Reina de los Cielos tuvo un protagonismo especial en la tarde-noche de ayer. Por dos motivos fundamentales. El primero era su inédita estampa estética, ataviada como la advocación de la Asunción, con una posición de los brazos más abierta y tocada con una mantilla. Manuel García Gordo, vestidor de la Reina de los Cielos, explicó que se ha inspirado en la Virgen de la Asunción de Cantillana (Sevilla) y en cuadros de esta advocación. Otro de los motivos de su protagonismo fue la procesión en sí misma. La forma de llevar el trono fue toda una clase maestra de cómo hacerlo. Los mayordomos y capataces hablando de forma constante con los hombres de trono y con movimientos inteligentes, siempre coordinando el paso con la música. Una lección en toda regla y un día en el que había muchos visitantes en la ciudad.

La salida desde el interior de San Juan y el recorrido por esta calle fue uno de esos momentos que se quedan grabados en la memoria. Pasos cortos, las órdenes de los capataces, la estrechez de la calle y un acompañamiento musical espectacular de la Unión Musical Maestro Eloy García. Esa conjunción de elementos aportó un toque de distinción a una estampa inédita e irrepetible, que continuó por otra calle tan fascinante para la procesión como la calle Nueva.

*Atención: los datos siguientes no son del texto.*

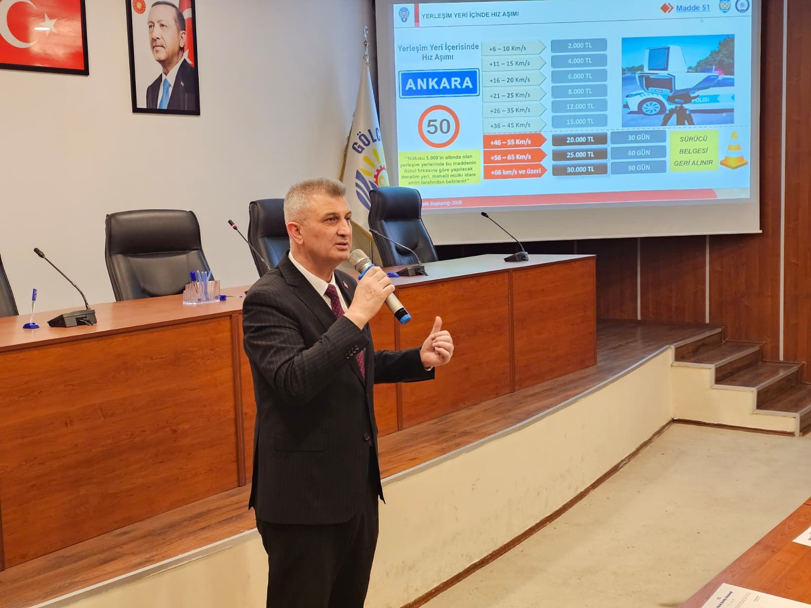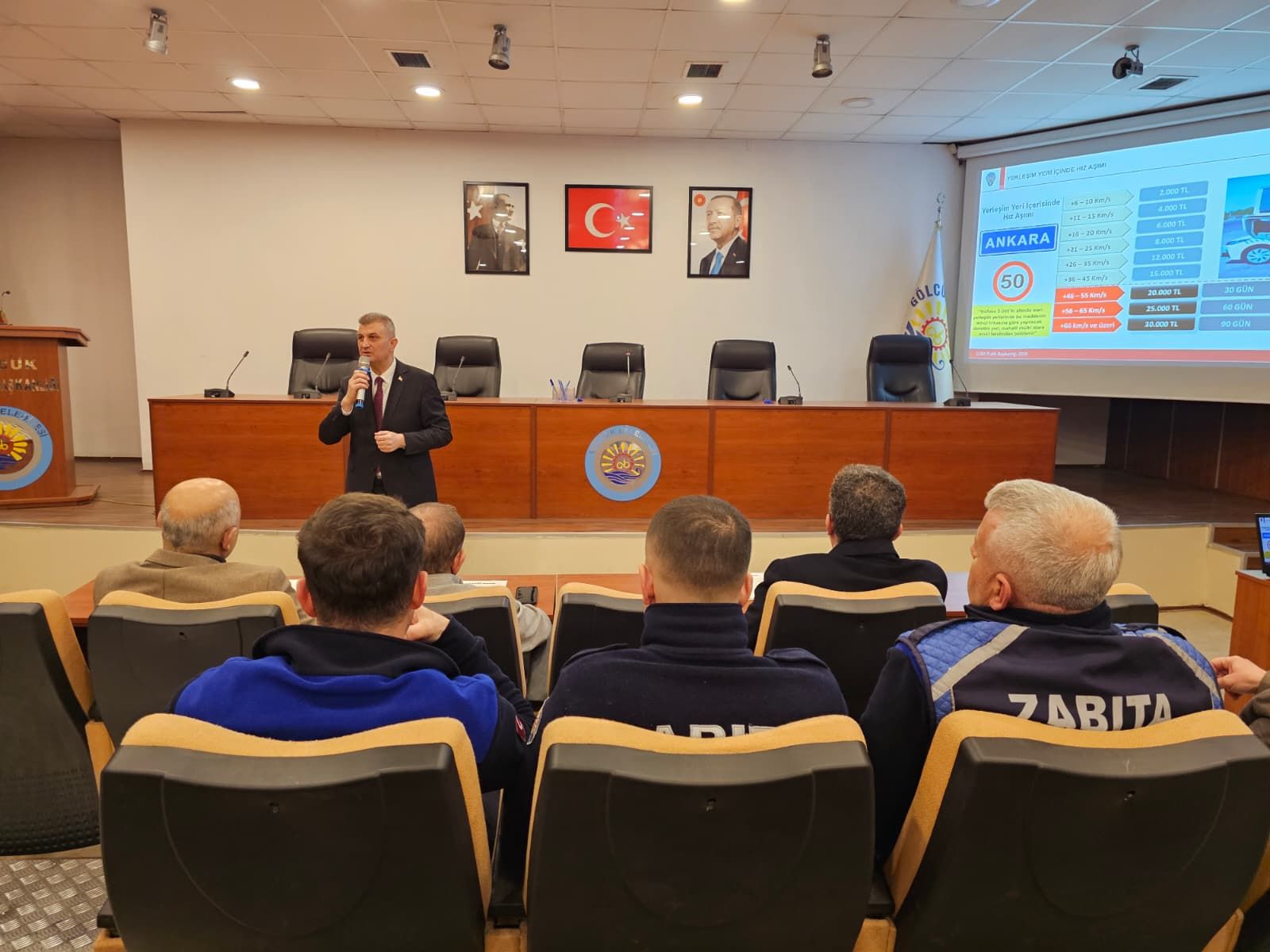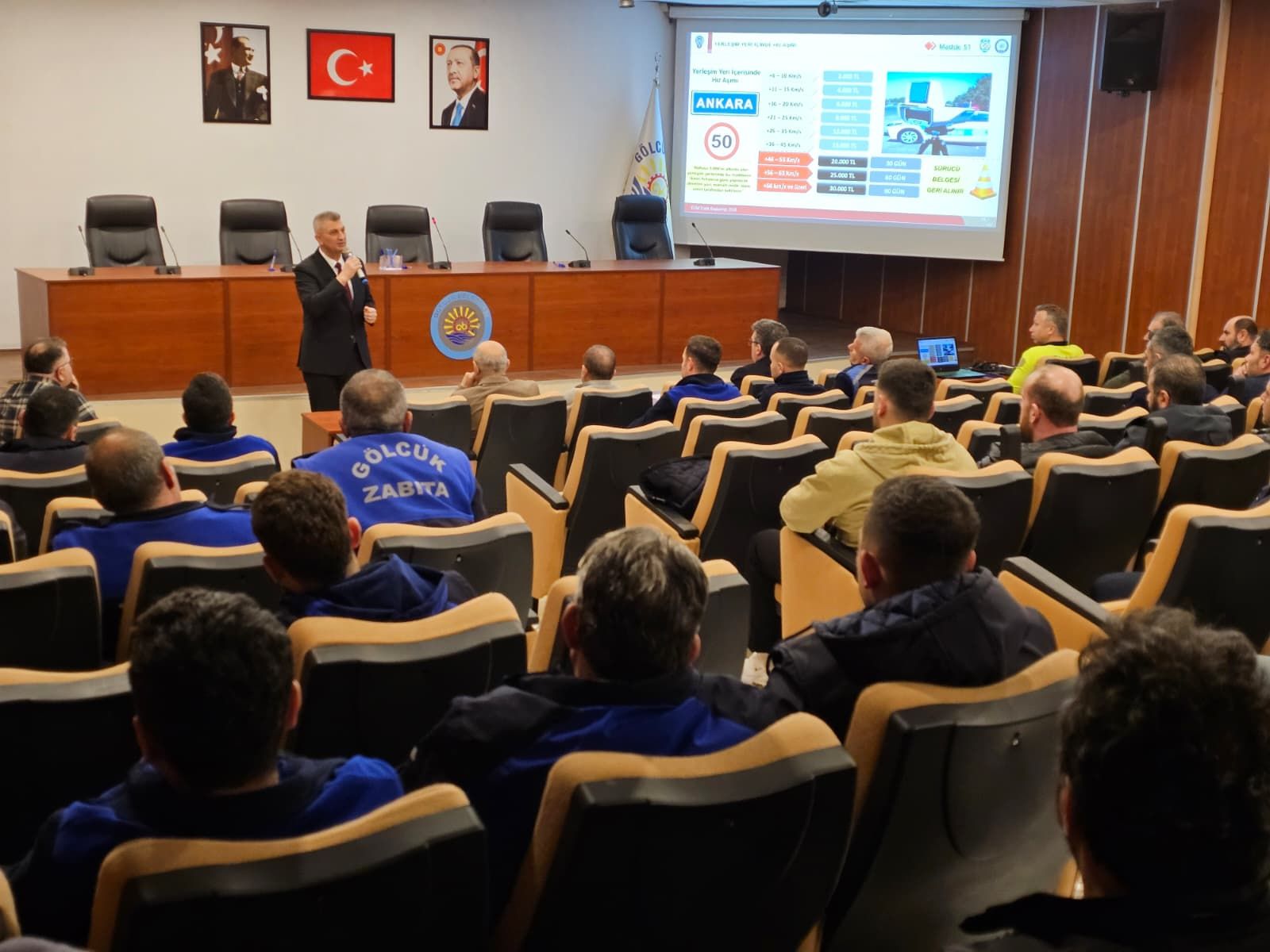 Meclis salonunda gerçekleştirilen eğitime Gölcük Belediye Başkanı Ali Yıldırım Sezer de katıldı. Eğitimde; hız kuralları ve sınırları, trafikte geçiş üstünlüğü, geçiş kuralları, trafikte asli kusurlar ve dikkat edilmesi gereken kurallar trafik polisleri tarafından detaylı bir şekilde anlatıldı.

Pero parémonos en uno de esos momentos. La Unión Musical Maestro Eloy García comienza la marcha Amarguras. La calle mira expectante un trono que sigue en el suelo. Los toques de campana ordenan a los portadores levantar el trono, que ni se mueve ni se mece mientras sigue avanzando la marcha. En el momento en que cambia el compás a la parte más melódica de Amarguras, llega la orden de avanzar. Poco a poco. Con pasitos muy cortos. Casi imperceptibles. Mecida. Así toda la marcha, que es muy larga, hasta que se sale de la calle San Juan y llega el trono a la plaza de Félix Sáenz. Tras un descanso, Al cielo con Ella, con un ritmo más vivo y alegre. Antes superó a ritmo de palillera y con elegancia una maniobra compleja como es el estrechamiento que hay en la calle San Juan, que obligó a sacar uno de los varales exteriores.

Para muchos malagueños también fue una sorpresa el trono sobre el que procesionó la Reina de los Cielos. Utilizó su trono procesional sin el palio y con el trono de traslado del Prendimiento, lo que le confería una altura mayor a la imagen, al situarse con una especie de peana doble. Eso, unido a su nueva estética de Virgen de Gloria, fue toda una ruptura sobre la imagen habitual de la titular de la Agrupación de Cofradías.

El exorno floral se ajustó a un estilo común al resto de los tronos, con nardos como flor principal de la decoración, aprovechando que es su época del año. Además, se completó con rosas, orquídeas y fresias.